In Ecclesiastes, we read that “He has made everything beautiful in its time…” (Ecclesiastes 3:11a). The time for the lily to bloom was precisely the time that I was taking a nap—I did absolutely nothing to deserve to see that lily in full bloom (indeed, my only contribution was crushing the bulb in the first place). The verse continues: “Also, he has put eternity into man’s heart, yet so that he cannot find out what God has done from the beginning to the end” (Ecclesiastes 3:11b). In his commentary on the verse, Matthew Henry explains,
We have the world so much in our hearts, are so taken up with thoughts and cares of worldly things, and are so exercised in our travail concerning them, that we have neither time nor spirit to eye God’s hand in them.1
Flowers remind me that God is a God of abundance—they give me the “time” and “spirit” to see God’s hand. They pull me out of this world and the “thoughts and cares of worldly things” that are so often in my heart—anxiety about my career, relationships, you name it—and remind me that God, while ruling the universe, set a time and a place for that lily to bloom. He is not a God of scarcity but one of abundance, and as his child, I, too, am invited to walk into that abundance. Flowers open the door to that abundance; buying flowers rejects the notion that every dollar I have must be used “practically.” And if the flowers were a gift, the time I spend trimming their stems and removing their leaves and changing their water rejects the notion that every minute I have must be spent on something “productive.”

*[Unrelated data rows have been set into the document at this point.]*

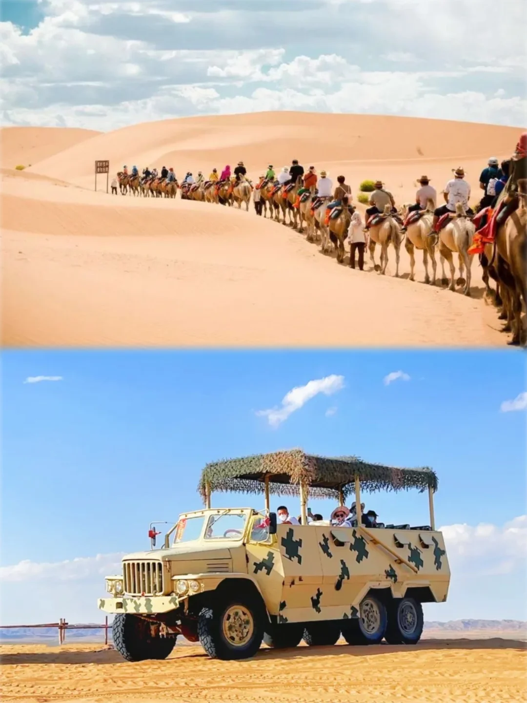 下午进入【腾格里沙漠】沙坡堆筑赛 + VIP免排队长线骆驼骑行(40分钟超值!)
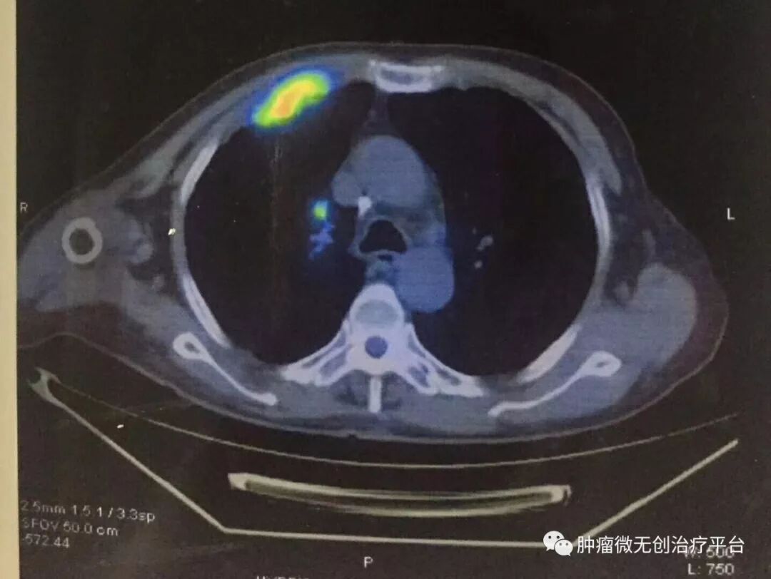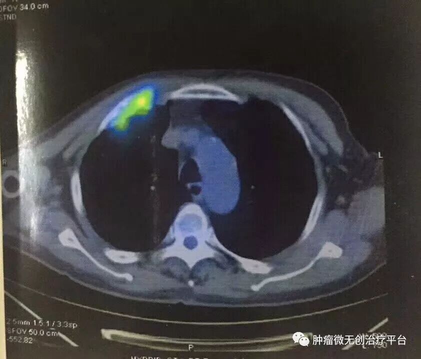 患者情况高龄(79岁)右肺腺癌侵犯胸壁患者肿瘤供血动脉栓塞➕氩氦刀冷冻消融术:图1-2术前PET-CT;图3术前CT;图4-5肿瘤供血动脉栓塞介入;图6-9氩氦刀冷冻消融治疗。
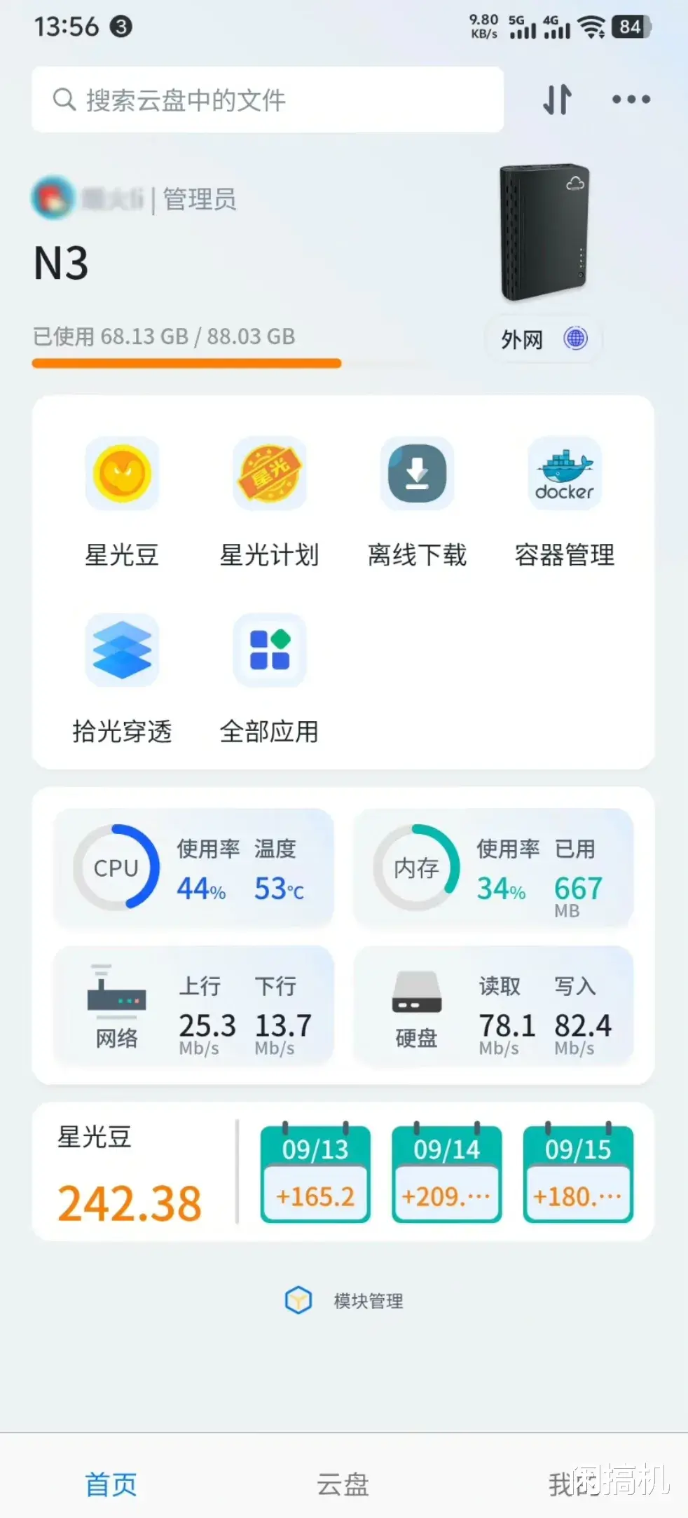 拾光坞N3应该是2023年的产品,有标准版和星光版两种,主要区别是星光版额外配备128G的eMMC存储用来跑“星光计划”,但跟用户盘数据隔离,星光计划到期后128G存储可以转为用户空间。

I believe this is why I now love cut flowers. They are extravagant, but for me, at least, they are necessary. In heaven, there is a chorus of cherubim who constantly say, “Holy, Holy, Holy is the Lord” before the throne of God (Revelation 4). That chorus began long before my world ever existed. And seeing my flowers on my kitchen island prompts the same ancient exclamation in my heart. The flowers take me back to the true things, to not just truth but the foundations of truth itself: God is holy, and God is good. In a world where so many things compete for my attention, they make me focus on the One Who is worthy of it all.
I serve a God who delighted to make alstroemeria, roses, mums, and daises. I serve a God who wanted to make flowers in every shape and every color, who ordains when they bloom. This God lets me see himself in his creation, and this God cares for me more than he will ever care for those flowers—and look at them!